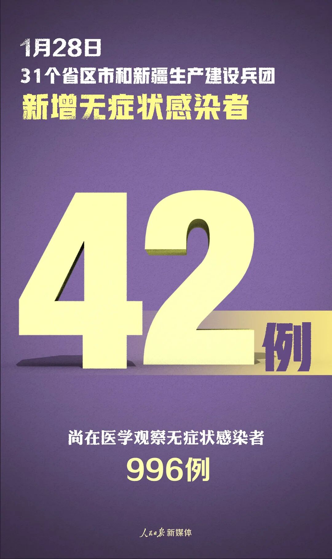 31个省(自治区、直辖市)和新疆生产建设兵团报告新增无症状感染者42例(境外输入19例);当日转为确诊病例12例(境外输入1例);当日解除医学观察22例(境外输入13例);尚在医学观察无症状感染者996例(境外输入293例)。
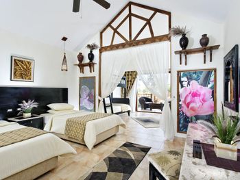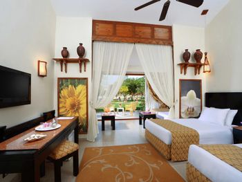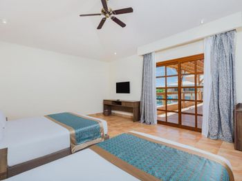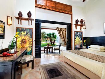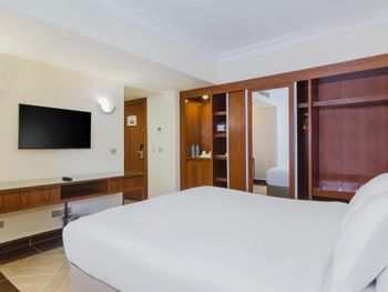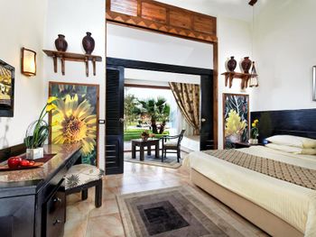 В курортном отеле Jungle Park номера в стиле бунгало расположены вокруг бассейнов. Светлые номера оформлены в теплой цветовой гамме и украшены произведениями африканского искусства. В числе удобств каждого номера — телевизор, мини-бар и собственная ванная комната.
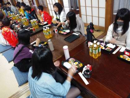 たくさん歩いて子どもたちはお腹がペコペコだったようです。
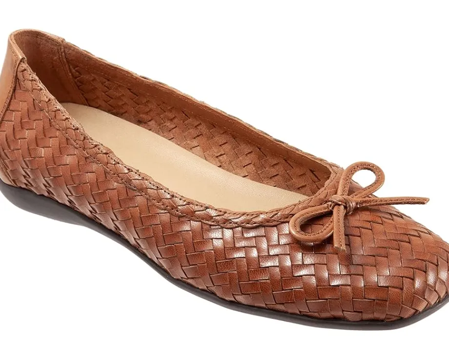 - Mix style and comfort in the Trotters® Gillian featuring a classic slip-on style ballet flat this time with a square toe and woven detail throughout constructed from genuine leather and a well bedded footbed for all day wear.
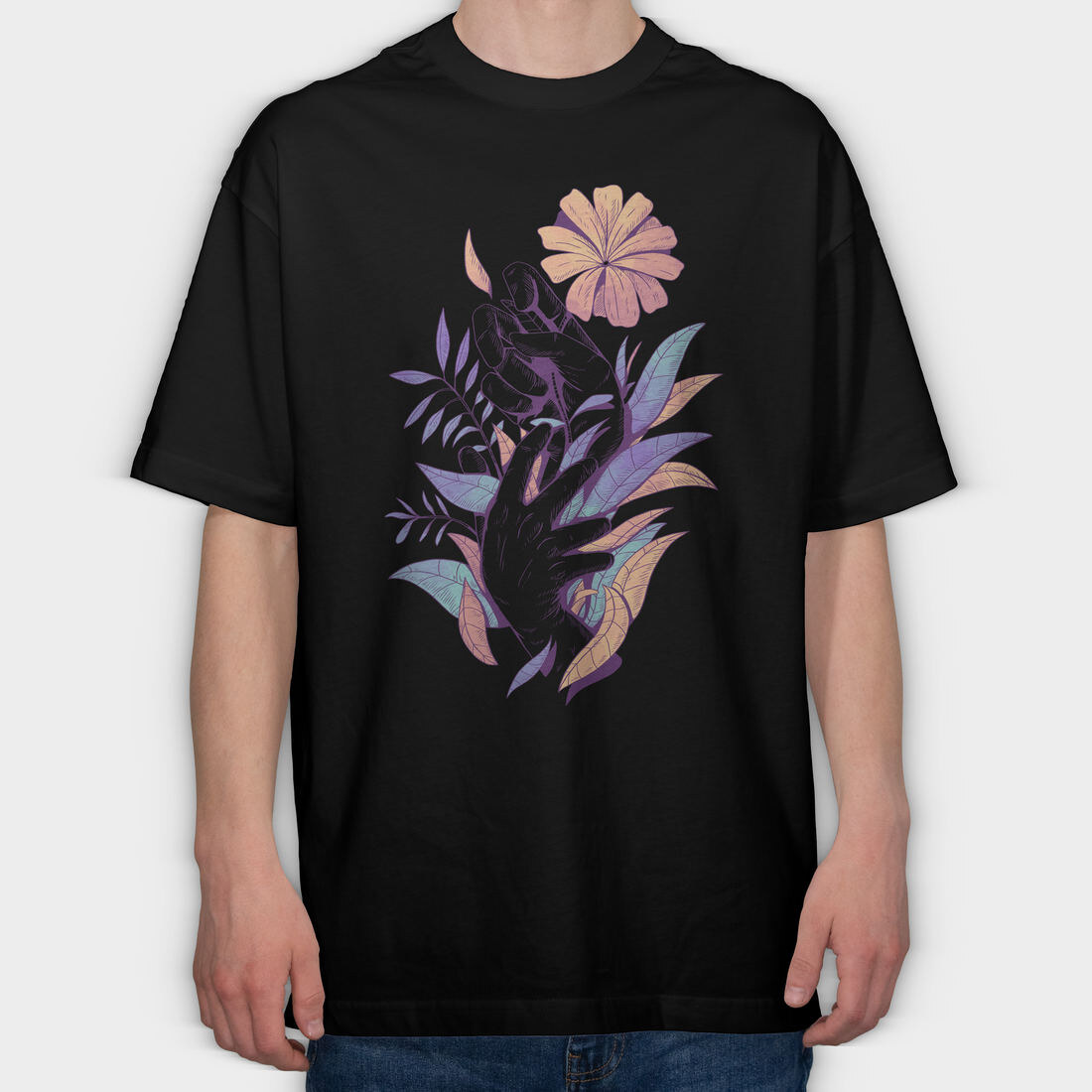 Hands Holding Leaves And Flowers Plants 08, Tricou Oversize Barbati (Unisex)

## Required action
Retype every entry above exactly and, please, skip the pictures.

## Your solution
 31个省(自治区、直辖市)和新疆生产建设兵团报告新增无症状感染者42例(境外输入19例);当日转为确诊病例12例(境外输入1例);当日解除医学观察22例(境外输入13例);尚在医学观察无症状感染者996例(境外输入293例)。
 В курортном отеле Jungle Park номера в стиле бунгало расположены вокруг бассейнов. Светлые номера оформлены в теплой цветовой гамме и украшены произведениями африканского искусства. В числе удобств каждого номера — телевизор, мини-бар и собственная ванная комната.
 たくさん歩いて子どもたちはお腹がペコペコだったようです。
 - Mix style and comfort in the Trotters® Gillian featuring a classic slip-on style ballet flat this time with a square toe and woven detail throughout constructed from genuine leather and a well bedded footbed for all day wear.
 Hands Holding Leaves And Flowers Plants 08, Tricou Oversize Barbati (Unisex)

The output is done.